▶ **What the task requires**: Copy verbatim the span of lines beginning at the line that contains "- Creech family" and ending with the final line of the data. Exclude pictures from the copy.

▶ **Source material**:
******

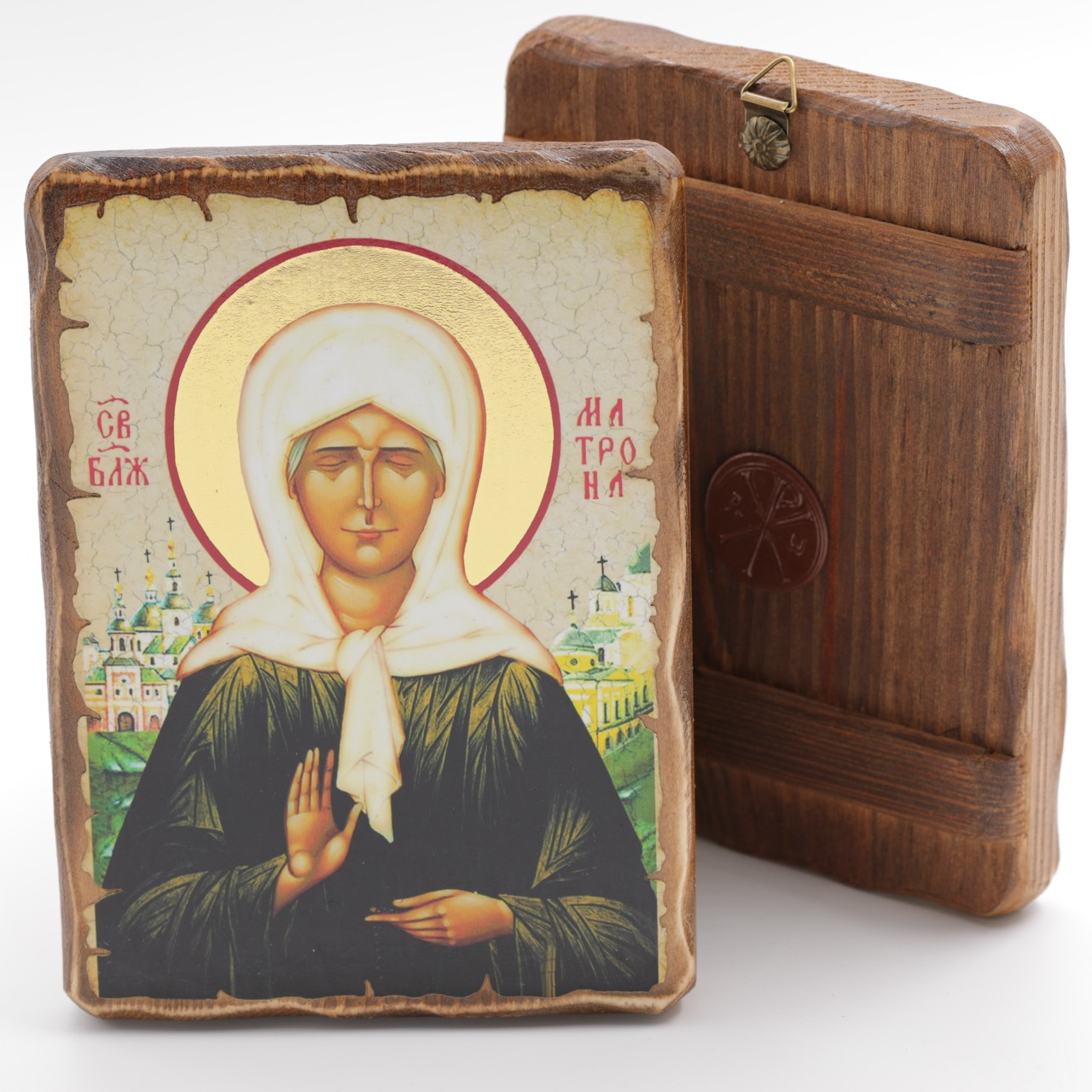 Икона 13x17 (ERM) деревянная под старину, Матрона Московская купить оптом от производителя
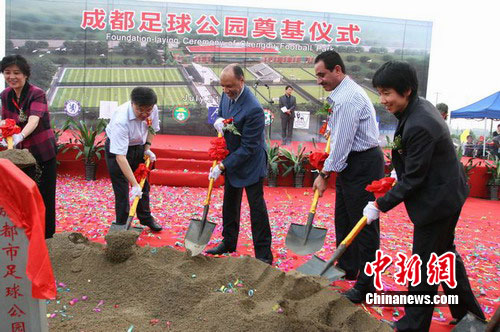 中新網(wǎng)成都7月21日電(記者 楊杰) 21日下午,預(yù)計投資3000萬元人民幣的成都足球公園正式奠基。亞足聯(lián)主席哈曼專程蒞臨現(xiàn)場,參加了奠基儀式。
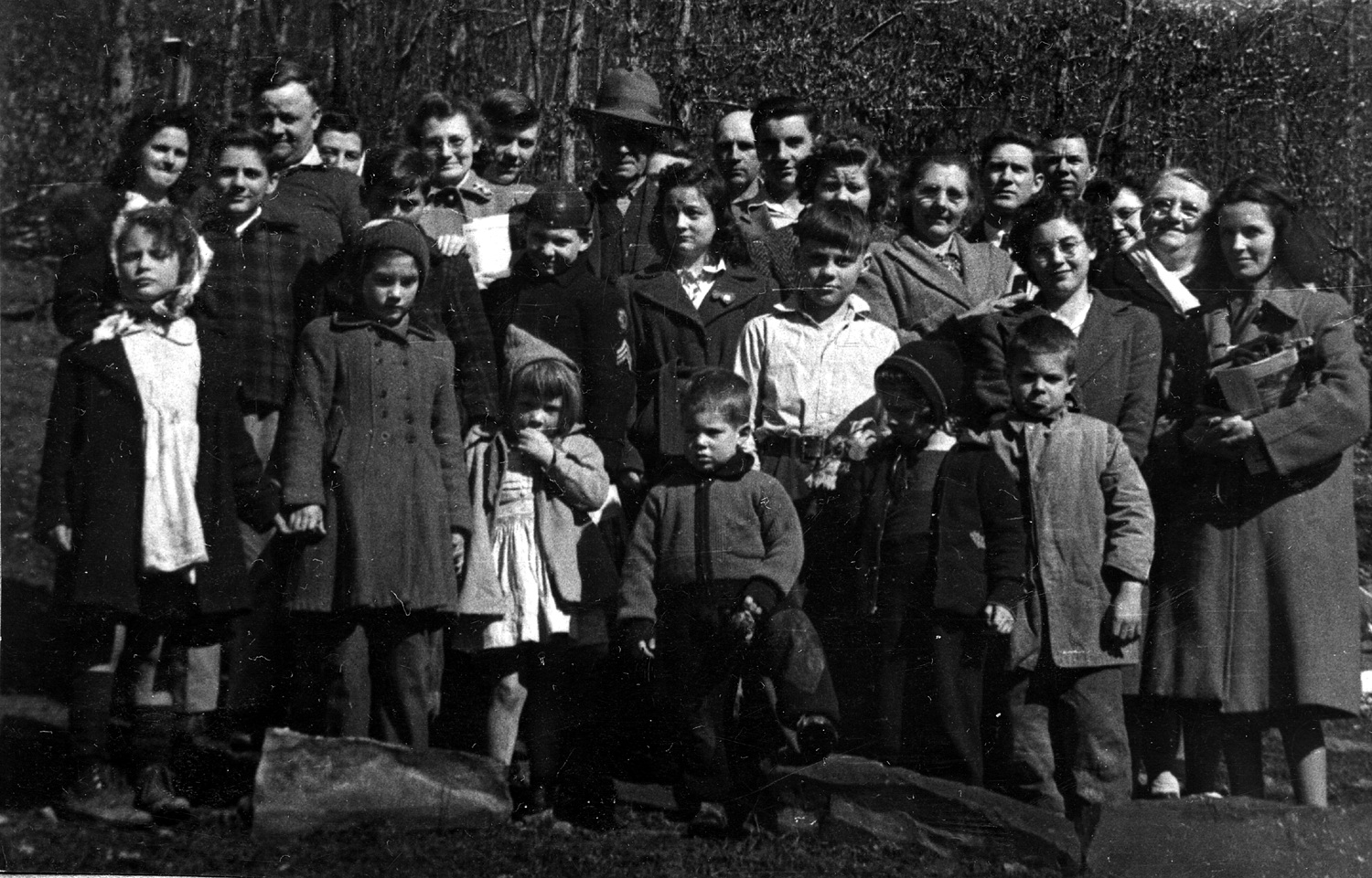 - Creech family and friends. Far left: Milly Mahoney; Marian Leach; Bill Leach; Delia Creech. VI-51 – 1612.
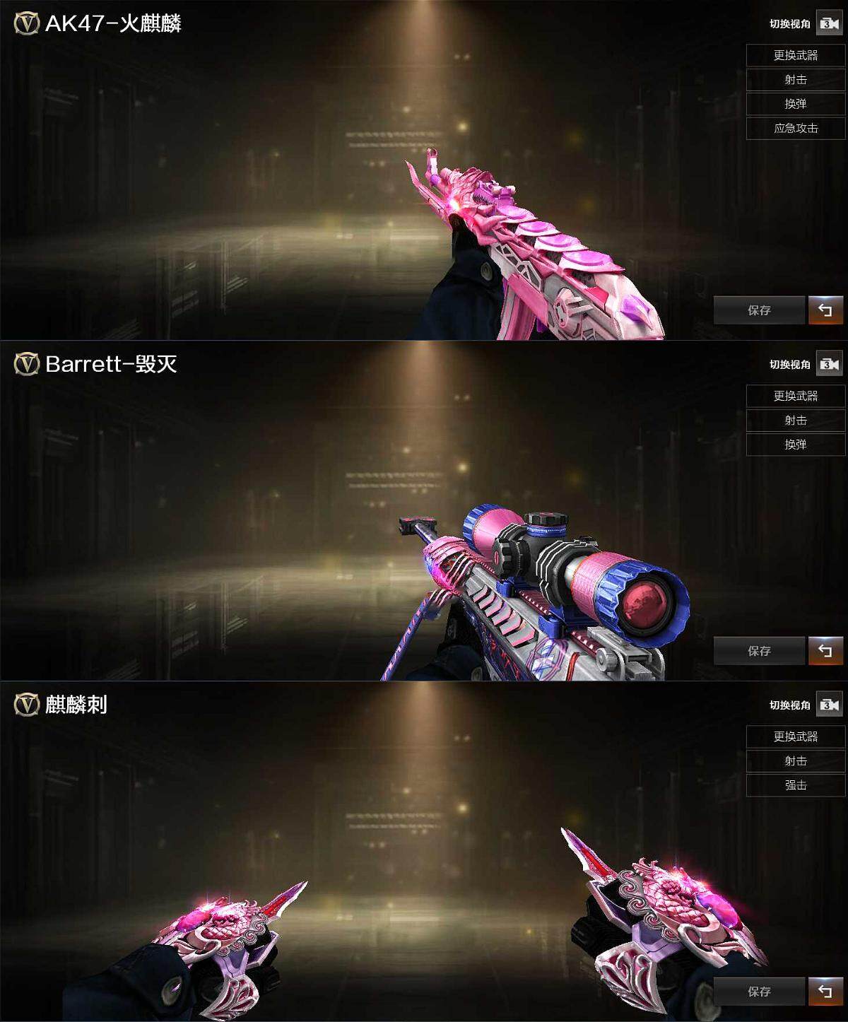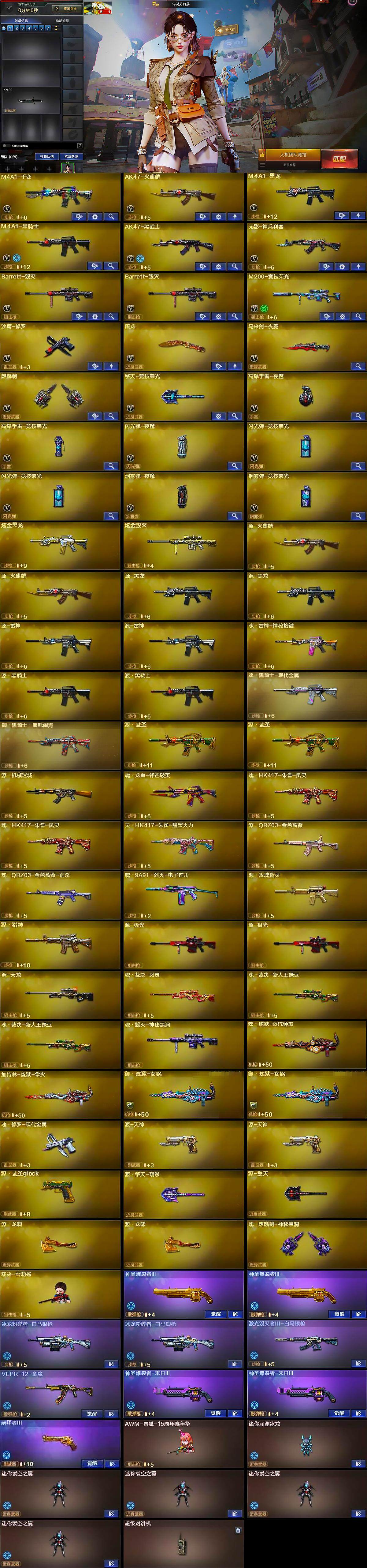 【英雄级武器】:M4A1-千变,AK47-火麒麟,M4A1-黑龙,M4A1-黑骑士,AK47-黑武士,无影-神兵利器,Barrett-毁灭*2,M200-竞技荣光,沙鹰-修罗,屠龙,马来剑-夜魔,麒麟刺,擎天-竞技荣光,高爆手雷-夜魔,高爆手雷-竞技荣光,闪光弹-夜魔,闪光弹-竞技荣光*2,烟雾弹-夜魔,烟雾弹-竞技荣光

******

▶ **Output below**:
 - Creech family and friends. Far left: Milly Mahoney; Marian Leach; Bill Leach; Delia Creech. VI-51 – 1612.
 【英雄级武器】:M4A1-千变,AK47-火麒麟,M4A1-黑龙,M4A1-黑骑士,AK47-黑武士,无影-神兵利器,Barrett-毁灭*2,M200-竞技荣光,沙鹰-修罗,屠龙,马来剑-夜魔,麒麟刺,擎天-竞技荣光,高爆手雷-夜魔,高爆手雷-竞技荣光,闪光弹-夜魔,闪光弹-竞技荣光*2,烟雾弹-夜魔,烟雾弹-竞技荣光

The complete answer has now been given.